PROBLEM TO WORK ON
Your job is to transcribe the material exactly. Keep every line.
---------- PROVIDED RECORDS ----------
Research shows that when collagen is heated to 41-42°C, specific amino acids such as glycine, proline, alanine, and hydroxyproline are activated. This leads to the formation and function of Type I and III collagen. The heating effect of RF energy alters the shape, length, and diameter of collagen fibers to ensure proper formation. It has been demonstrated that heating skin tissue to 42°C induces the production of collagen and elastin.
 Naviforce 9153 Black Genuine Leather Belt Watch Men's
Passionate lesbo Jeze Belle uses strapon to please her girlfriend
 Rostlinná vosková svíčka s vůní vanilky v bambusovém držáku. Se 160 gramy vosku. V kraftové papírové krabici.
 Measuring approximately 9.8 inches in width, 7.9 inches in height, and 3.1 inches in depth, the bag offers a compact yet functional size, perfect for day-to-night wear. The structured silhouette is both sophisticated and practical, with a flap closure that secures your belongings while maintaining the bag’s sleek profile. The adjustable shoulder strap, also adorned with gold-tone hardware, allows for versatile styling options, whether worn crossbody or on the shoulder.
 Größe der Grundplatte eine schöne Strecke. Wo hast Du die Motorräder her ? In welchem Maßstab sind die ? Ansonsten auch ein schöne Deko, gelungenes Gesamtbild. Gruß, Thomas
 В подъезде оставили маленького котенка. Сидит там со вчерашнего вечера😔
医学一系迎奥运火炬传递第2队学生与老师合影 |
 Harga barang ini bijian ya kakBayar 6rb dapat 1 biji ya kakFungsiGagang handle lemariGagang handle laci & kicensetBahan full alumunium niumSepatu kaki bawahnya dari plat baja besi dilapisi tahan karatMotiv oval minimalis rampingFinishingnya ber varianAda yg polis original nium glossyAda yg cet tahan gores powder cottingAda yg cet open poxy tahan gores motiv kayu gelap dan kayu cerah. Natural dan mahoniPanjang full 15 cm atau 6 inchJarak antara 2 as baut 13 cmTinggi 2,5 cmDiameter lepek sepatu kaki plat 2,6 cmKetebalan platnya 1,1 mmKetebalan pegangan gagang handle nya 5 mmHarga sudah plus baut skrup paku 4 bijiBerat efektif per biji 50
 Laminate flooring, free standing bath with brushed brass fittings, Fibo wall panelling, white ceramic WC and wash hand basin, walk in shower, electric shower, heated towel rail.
----------
SOLUTION TO THE PROBLEM
Research shows that when collagen is heated to 41-42°C, specific amino acids such as glycine, proline, alanine, and hydroxyproline are activated. This leads to the formation and function of Type I and III collagen. The heating effect of RF energy alters the shape, length, and diameter of collagen fibers to ensure proper formation. It has been demonstrated that heating skin tissue to 42°C induces the production of collagen and elastin.
 Naviforce 9153 Black Genuine Leather Belt Watch Men's
Passionate lesbo Jeze Belle uses strapon to please her girlfriend
 Rostlinná vosková svíčka s vůní vanilky v bambusovém držáku. Se 160 gramy vosku. V kraftové papírové krabici.
 Measuring approximately 9.8 inches in width, 7.9 inches in height, and 3.1 inches in depth, the bag offers a compact yet functional size, perfect for day-to-night wear. The structured silhouette is both sophisticated and practical, with a flap closure that secures your belongings while maintaining the bag’s sleek profile. The adjustable shoulder strap, also adorned with gold-tone hardware, allows for versatile styling options, whether worn crossbody or on the shoulder.
 Größe der Grundplatte eine schöne Strecke. Wo hast Du die Motorräder her ? In welchem Maßstab sind die ? Ansonsten auch ein schöne Deko, gelungenes Gesamtbild. Gruß, Thomas
 В подъезде оставили маленького котенка. Сидит там со вчерашнего вечера😔
医学一系迎奥运火炬传递第2队学生与老师合影 |
 Harga barang ini bijian ya kakBayar 6rb dapat 1 biji ya kakFungsiGagang handle lemariGagang handle laci & kicensetBahan full alumunium niumSepatu kaki bawahnya dari plat baja besi dilapisi tahan karatMotiv oval minimalis rampingFinishingnya ber varianAda yg polis original nium glossyAda yg cet tahan gores powder cottingAda yg cet open poxy tahan gores motiv kayu gelap dan kayu cerah. Natural dan mahoniPanjang full 15 cm atau 6 inchJarak antara 2 as baut 13 cmTinggi 2,5 cmDiameter lepek sepatu kaki plat 2,6 cmKetebalan platnya 1,1 mmKetebalan pegangan gagang handle nya 5 mmHarga sudah plus baut skrup paku 4 bijiBerat efektif per biji 50
 Laminate flooring, free standing bath with brushed brass fittings, Fibo wall panelling, white ceramic WC and wash hand basin, walk in shower, electric shower, heated towel rail.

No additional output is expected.